━━━ Data to use ━━━
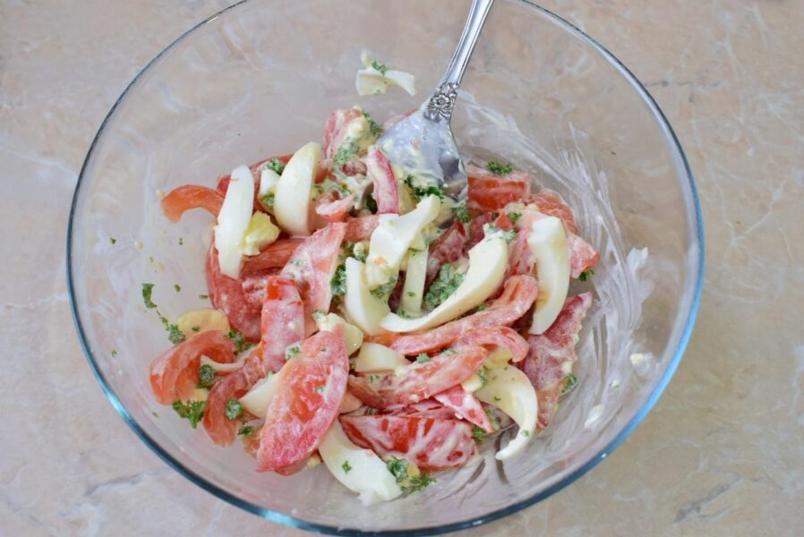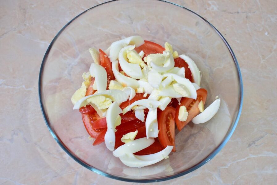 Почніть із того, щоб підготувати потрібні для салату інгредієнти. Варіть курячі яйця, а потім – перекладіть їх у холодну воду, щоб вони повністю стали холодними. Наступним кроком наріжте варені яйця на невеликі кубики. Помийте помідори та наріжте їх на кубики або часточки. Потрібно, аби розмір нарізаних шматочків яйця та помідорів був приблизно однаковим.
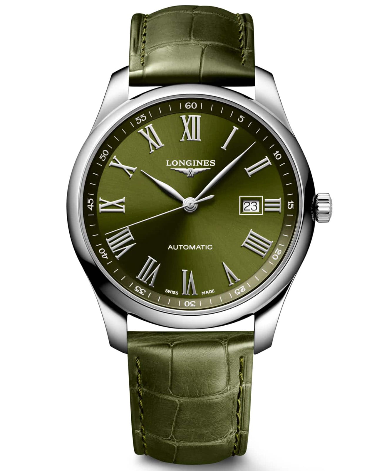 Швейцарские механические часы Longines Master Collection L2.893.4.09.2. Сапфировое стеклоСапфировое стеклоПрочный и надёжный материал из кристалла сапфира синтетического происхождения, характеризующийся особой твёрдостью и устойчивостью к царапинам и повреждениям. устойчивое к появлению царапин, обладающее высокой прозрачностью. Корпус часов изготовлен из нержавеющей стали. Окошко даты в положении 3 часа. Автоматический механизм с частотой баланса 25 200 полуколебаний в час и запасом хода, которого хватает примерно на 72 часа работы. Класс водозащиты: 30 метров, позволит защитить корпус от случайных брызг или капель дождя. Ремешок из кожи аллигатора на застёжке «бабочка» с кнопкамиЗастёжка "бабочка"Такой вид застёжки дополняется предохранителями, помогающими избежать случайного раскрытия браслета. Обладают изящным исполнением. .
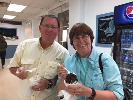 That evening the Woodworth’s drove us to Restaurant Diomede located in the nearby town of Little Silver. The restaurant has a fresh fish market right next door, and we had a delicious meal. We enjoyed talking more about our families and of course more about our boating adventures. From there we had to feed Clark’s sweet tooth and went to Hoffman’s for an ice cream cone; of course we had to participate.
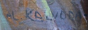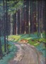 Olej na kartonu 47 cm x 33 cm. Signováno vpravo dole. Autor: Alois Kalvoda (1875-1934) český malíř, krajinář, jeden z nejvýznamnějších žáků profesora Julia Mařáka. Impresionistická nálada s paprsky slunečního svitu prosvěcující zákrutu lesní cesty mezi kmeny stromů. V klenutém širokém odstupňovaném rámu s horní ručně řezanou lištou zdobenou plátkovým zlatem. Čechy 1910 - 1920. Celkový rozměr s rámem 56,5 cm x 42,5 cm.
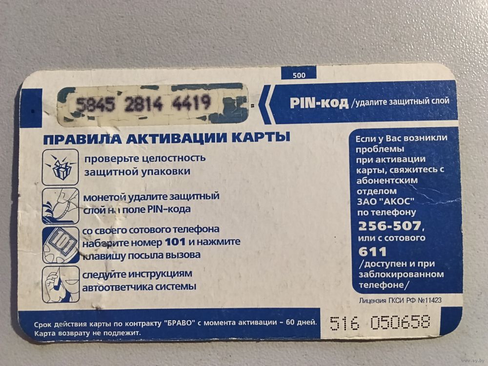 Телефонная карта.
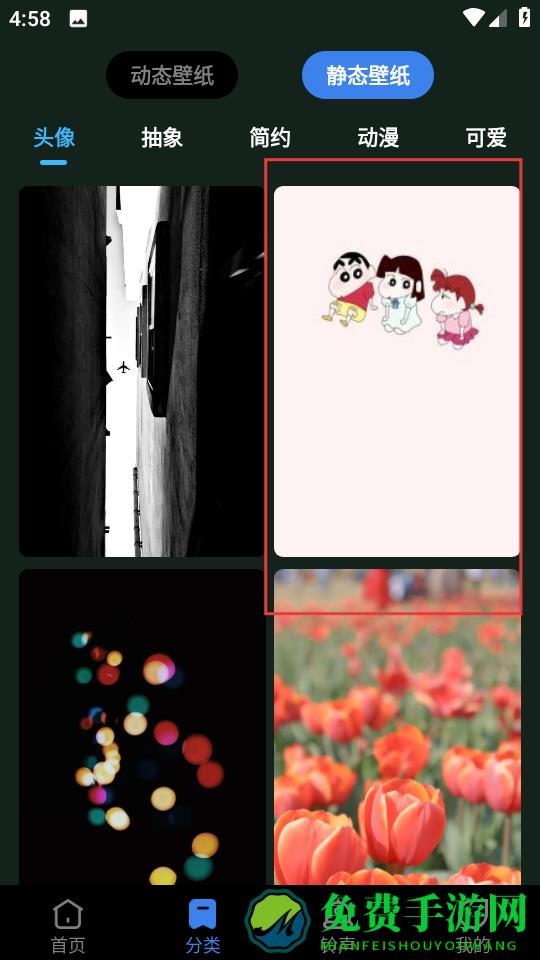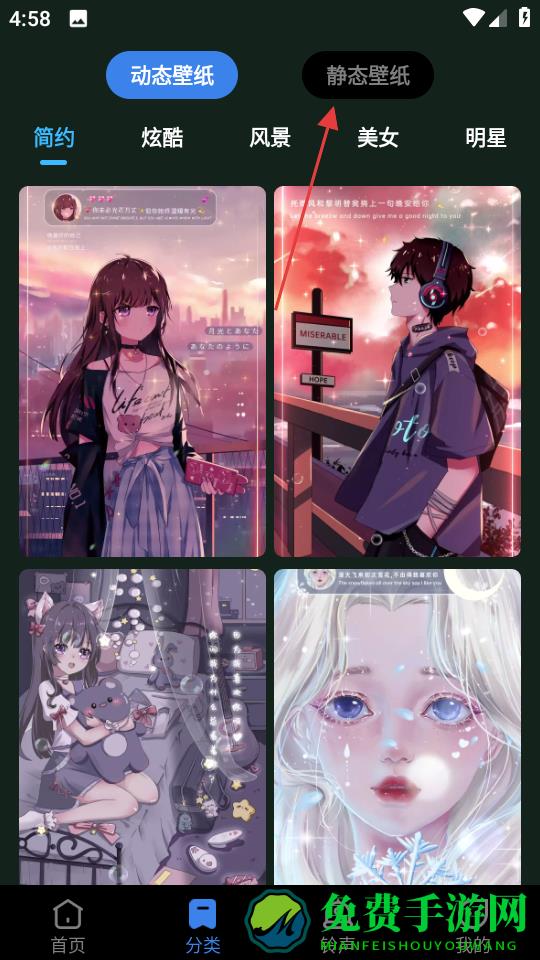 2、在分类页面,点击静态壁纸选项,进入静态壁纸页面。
━━━
Print the data above exactly, minus pictures.

**Task result**
 Почніть із того, щоб підготувати потрібні для салату інгредієнти. Варіть курячі яйця, а потім – перекладіть їх у холодну воду, щоб вони повністю стали холодними. Наступним кроком наріжте варені яйця на невеликі кубики. Помийте помідори та наріжте їх на кубики або часточки. Потрібно, аби розмір нарізаних шматочків яйця та помідорів був приблизно однаковим.
 Швейцарские механические часы Longines Master Collection L2.893.4.09.2. Сапфировое стеклоСапфировое стеклоПрочный и надёжный материал из кристалла сапфира синтетического происхождения, характеризующийся особой твёрдостью и устойчивостью к царапинам и повреждениям. устойчивое к появлению царапин, обладающее высокой прозрачностью. Корпус часов изготовлен из нержавеющей стали. Окошко даты в положении 3 часа. Автоматический механизм с частотой баланса 25 200 полуколебаний в час и запасом хода, которого хватает примерно на 72 часа работы. Класс водозащиты: 30 метров, позволит защитить корпус от случайных брызг или капель дождя. Ремешок из кожи аллигатора на застёжке «бабочка» с кнопкамиЗастёжка "бабочка"Такой вид застёжки дополняется предохранителями, помогающими избежать случайного раскрытия браслета. Обладают изящным исполнением. .
 That evening the Woodworth’s drove us to Restaurant Diomede located in the nearby town of Little Silver. The restaurant has a fresh fish market right next door, and we had a delicious meal. We enjoyed talking more about our families and of course more about our boating adventures. From there we had to feed Clark’s sweet tooth and went to Hoffman’s for an ice cream cone; of course we had to participate.
 Olej na kartonu 47 cm x 33 cm. Signováno vpravo dole. Autor: Alois Kalvoda (1875-1934) český malíř, krajinář, jeden z nejvýznamnějších žáků profesora Julia Mařáka. Impresionistická nálada s paprsky slunečního svitu prosvěcující zákrutu lesní cesty mezi kmeny stromů. V klenutém širokém odstupňovaném rámu s horní ručně řezanou lištou zdobenou plátkovým zlatem. Čechy 1910 - 1920. Celkový rozměr s rámem 56,5 cm x 42,5 cm.
 Телефонная карта.
 2、在分类页面,点击静态壁纸选项,进入静态壁纸页面。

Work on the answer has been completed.